The four properties I now think about

Beyond the basics, the course gave me a framework I keep coming back to. Four properties that shape everything about how a model behaves — and where it falls apart.

Next-token prediction — already covered. The engine. Understand this and you understand why hallucinations happen, why confident and wrong aren't mutually exclusive.
Knowledge — the model knows what it was trained on, frozen at a specific point in time. It has broad, deep knowledge of many things. But it's imperfect and static. When I'm asking about recent events, niche domains, or my company's internal context, I'm likely pushing past what it reliably knows.
Working memory (context window) — this one surprised me most. The model doesn't "remember" things between sessions the way we might imagine. It processes the entire conversation as a single block every time it responds. And when that block gets too long, things fall off — usually the oldest parts. There's also a "lost in the middle" effect: material buried deep in a long conversation gets less attention than what's at the start and end. Long threads aren't as reliable as they feel.
Steerability — the model can be directed: a format, a persona, a set of rules. But direction has limits. Instructions drift over long conversations. Complex reasoning chains can accumulate small errors that compound. And sometimes the model follows the letter of a prompt but not the spirit — technically correct, practically useless.

When two properties collide, that's where the failures live

The most practically useful thing I took from the course was this: most AI failures aren't a single property breaking down. They're two properties colliding at the same time.

Next-token prediction + knowledge gap = hallucination. The model generates something that sounds plausible — a citation, a fact, a method name — but there's nothing solid underneath it. It can't distinguish between what it knows and what it's fabricating.
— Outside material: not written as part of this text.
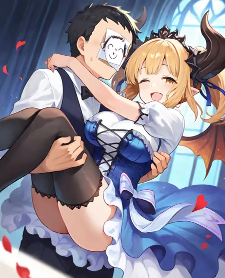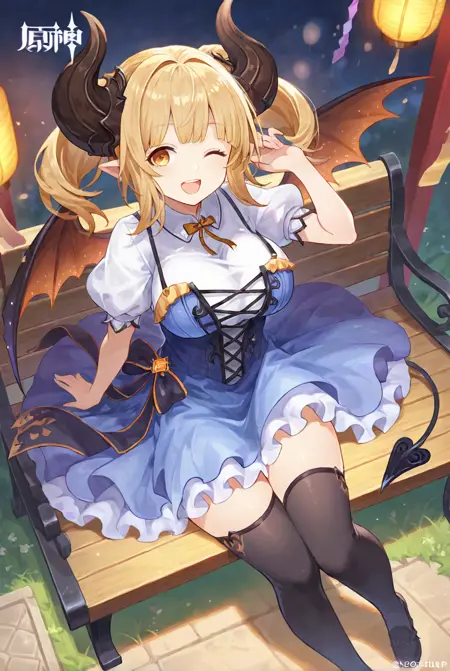 blonde hair , horns , ( short ) twintails , hair ornament , yellow eyes , wings , ( spade ) tail ;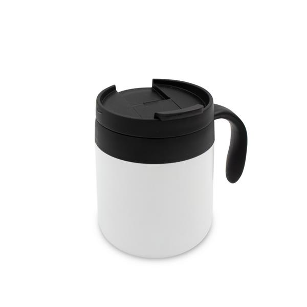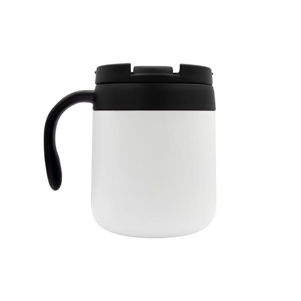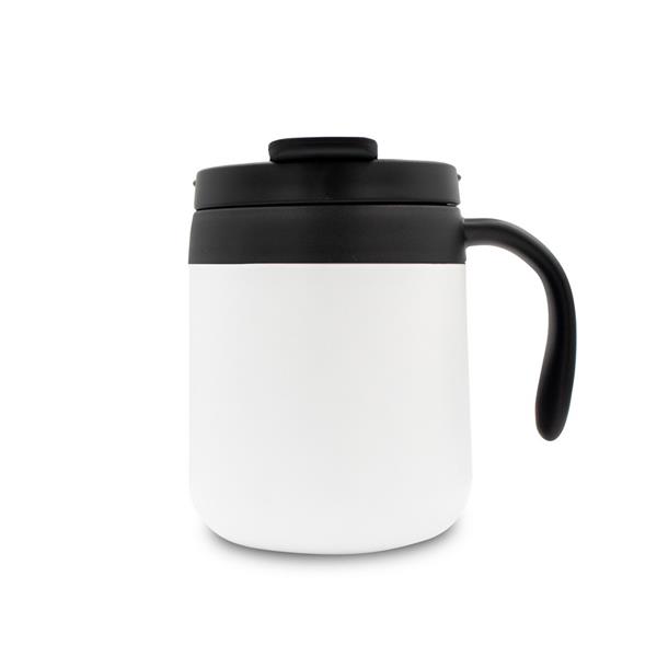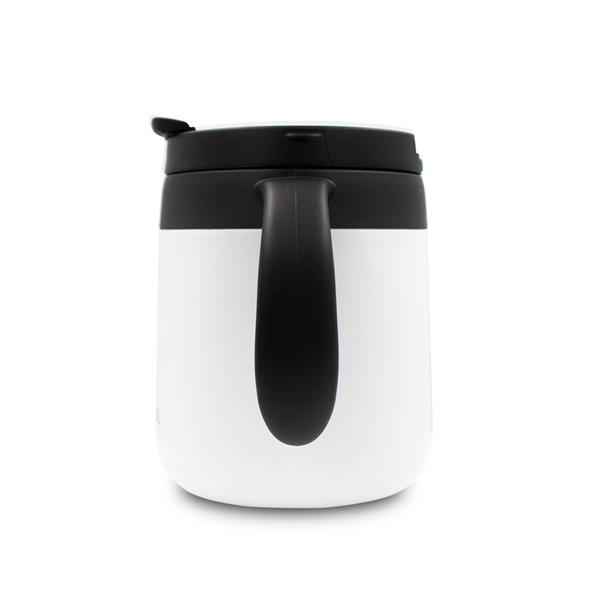 Kubek termiczny 400 ml z rączką, posiada podwójne ścianki ze stali nierdzewnej z próżnią między ściankami, co spowalnia oddawanie temperatury na zewnątrz, zachowując funkcje termosu, plastikowe wieczko z zamknięciem umożliwiającym obsługę jedną ręką, matowe wykończenie, utrzymuje temperaturę napojów gorących do 10 godzin

Working memory + steerability = long-conversation drift. Your initial instructions gradually lose weight as the thread grows. The model starts following whatever's most prominent right now — which is usually the last few messages, not the rules you set at the start.

Next-token prediction + steerability = reasoning drift. The logic sounds coherent and follows your instructions step by step, but small errors compound quietly. The confident tone never falters even as the reasoning goes sideways.

Once I could name these patterns, debugging a bad output became much faster. Instead of "this is wrong, try again," I could think: what actually broke here? And then fix it at the root.

What actually changed for me

I didn't come out of this wanting to use AI less. I came out wanting to use it better.

I now think before I delegate: is this something the model genuinely knows well, or am I pushing into the limitation zone? I verify more intentionally: is this a domain where hallucination is likely? I write shorter, clearer prompts — because what's concrete and verifiable is better than what's long and vague. And I check in earlier on long threads instead of assuming the context is holding.

The tools I use every day didn't change. My relationship with them did.

There's something quietly empowering about understanding the machine you're working with — not at a research level, but at a practical one. It's the difference between being a passenger and being a driver. You're still on the same road. You just have your hands on the wheel.